RECORDS FOR THE EXERCISE.
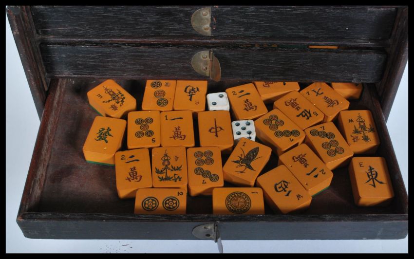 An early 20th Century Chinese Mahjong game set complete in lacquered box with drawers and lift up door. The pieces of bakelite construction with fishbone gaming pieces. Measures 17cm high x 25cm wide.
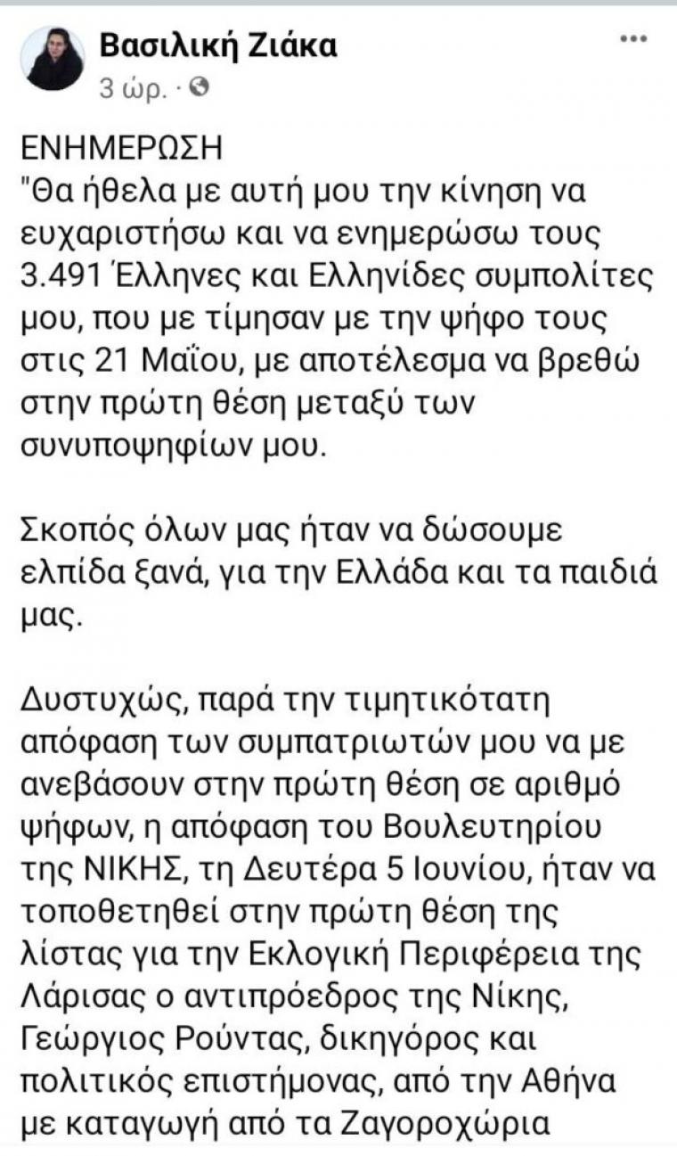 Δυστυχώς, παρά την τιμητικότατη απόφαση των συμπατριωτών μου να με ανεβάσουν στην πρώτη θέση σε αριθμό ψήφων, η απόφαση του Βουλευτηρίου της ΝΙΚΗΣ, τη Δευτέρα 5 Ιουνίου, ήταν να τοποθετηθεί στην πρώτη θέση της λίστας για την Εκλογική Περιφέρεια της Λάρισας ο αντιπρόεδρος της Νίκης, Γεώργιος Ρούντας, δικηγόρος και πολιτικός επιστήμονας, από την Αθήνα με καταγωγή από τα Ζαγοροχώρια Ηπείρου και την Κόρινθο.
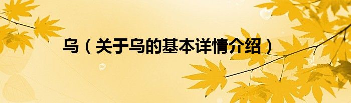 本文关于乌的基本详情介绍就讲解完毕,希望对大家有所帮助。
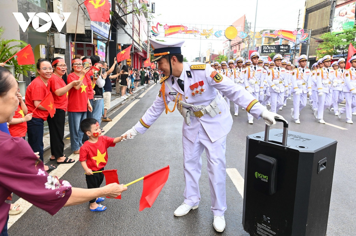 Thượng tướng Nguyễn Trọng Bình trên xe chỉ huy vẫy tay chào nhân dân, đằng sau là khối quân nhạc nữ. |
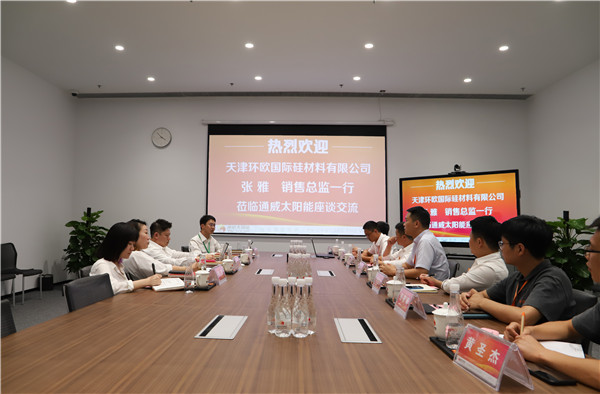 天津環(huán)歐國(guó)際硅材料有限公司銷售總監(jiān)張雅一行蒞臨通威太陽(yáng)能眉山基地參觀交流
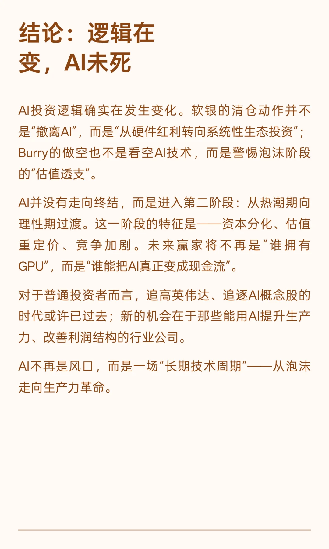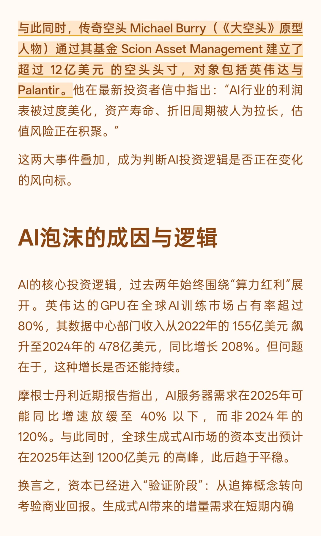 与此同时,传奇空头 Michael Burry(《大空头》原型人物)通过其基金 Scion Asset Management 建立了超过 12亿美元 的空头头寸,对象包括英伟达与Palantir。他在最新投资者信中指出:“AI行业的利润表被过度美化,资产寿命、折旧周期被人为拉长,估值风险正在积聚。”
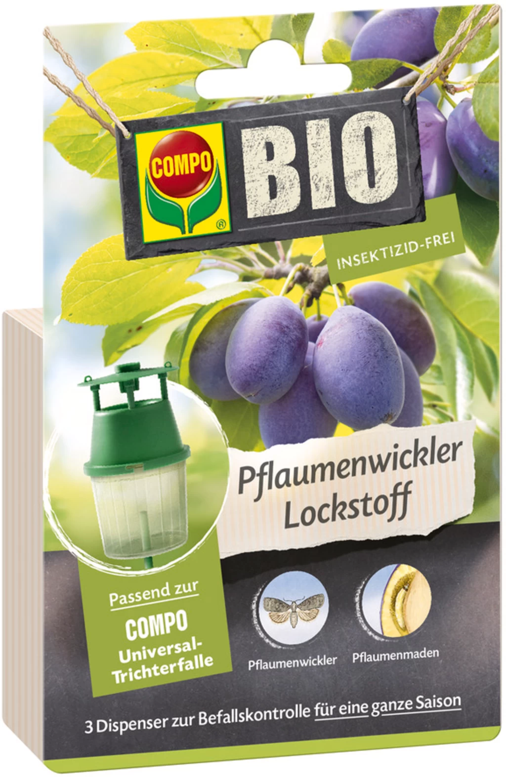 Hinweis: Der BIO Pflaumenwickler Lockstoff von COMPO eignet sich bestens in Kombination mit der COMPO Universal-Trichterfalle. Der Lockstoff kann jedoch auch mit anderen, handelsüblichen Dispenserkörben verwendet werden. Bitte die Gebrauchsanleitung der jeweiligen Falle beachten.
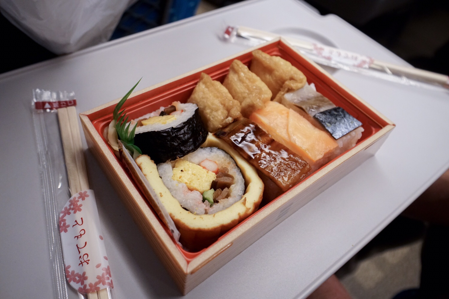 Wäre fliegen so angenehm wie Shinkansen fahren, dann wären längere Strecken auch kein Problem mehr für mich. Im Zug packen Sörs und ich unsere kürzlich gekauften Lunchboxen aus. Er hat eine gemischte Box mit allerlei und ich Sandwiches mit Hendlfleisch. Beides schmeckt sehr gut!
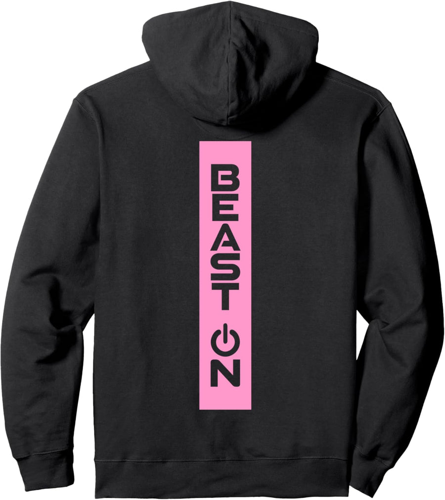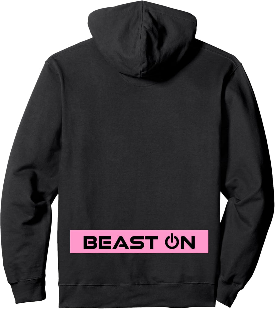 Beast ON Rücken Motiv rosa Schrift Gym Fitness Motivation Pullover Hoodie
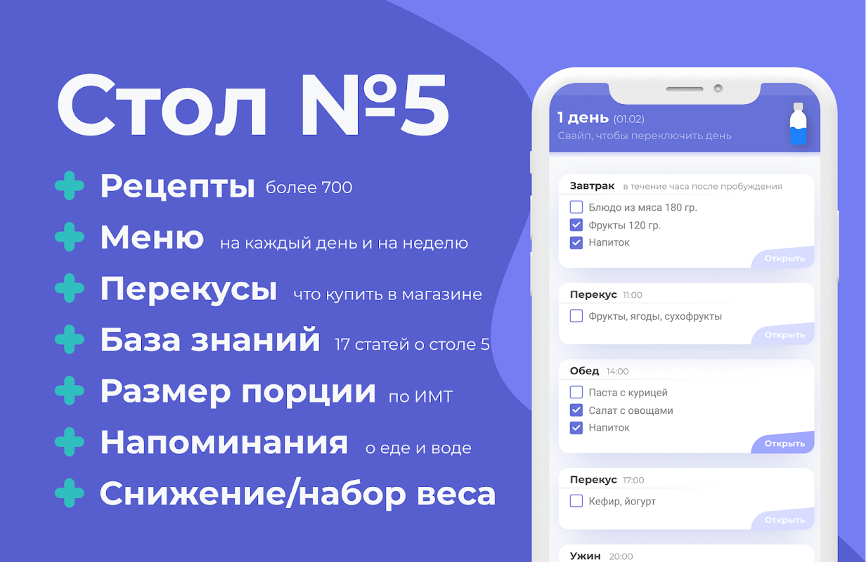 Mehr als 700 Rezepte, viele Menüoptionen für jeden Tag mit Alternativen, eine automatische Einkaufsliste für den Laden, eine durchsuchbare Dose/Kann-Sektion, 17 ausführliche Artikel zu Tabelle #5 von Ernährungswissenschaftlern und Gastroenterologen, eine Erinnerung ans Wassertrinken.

EXERCISE DETAILS. Using the records above, return verbatim only the part that opens with the line containing "本文关于乌的基本详情介绍就讲解完毕,希望对大家有所帮助。" and closes with the line containing "与此同时,传奇空头 Michael Burry(《大空头》原型人物)通过其基金"; pictures stay out.

SOLUTION BELOW.
 本文关于乌的基本详情介绍就讲解完毕,希望对大家有所帮助。
 Thượng tướng Nguyễn Trọng Bình trên xe chỉ huy vẫy tay chào nhân dân, đằng sau là khối quân nhạc nữ. |
 天津環(huán)歐國(guó)際硅材料有限公司銷售總監(jiān)張雅一行蒞臨通威太陽(yáng)能眉山基地參觀交流
 与此同时,传奇空头 Michael Burry(《大空头》原型人物)通过其基金 Scion Asset Management 建立了超过 12亿美元 的空头头寸,对象包括英伟达与Palantir。他在最新投资者信中指出:“AI行业的利润表被过度美化,资产寿命、折旧周期被人为拉长,估值风险正在积聚。”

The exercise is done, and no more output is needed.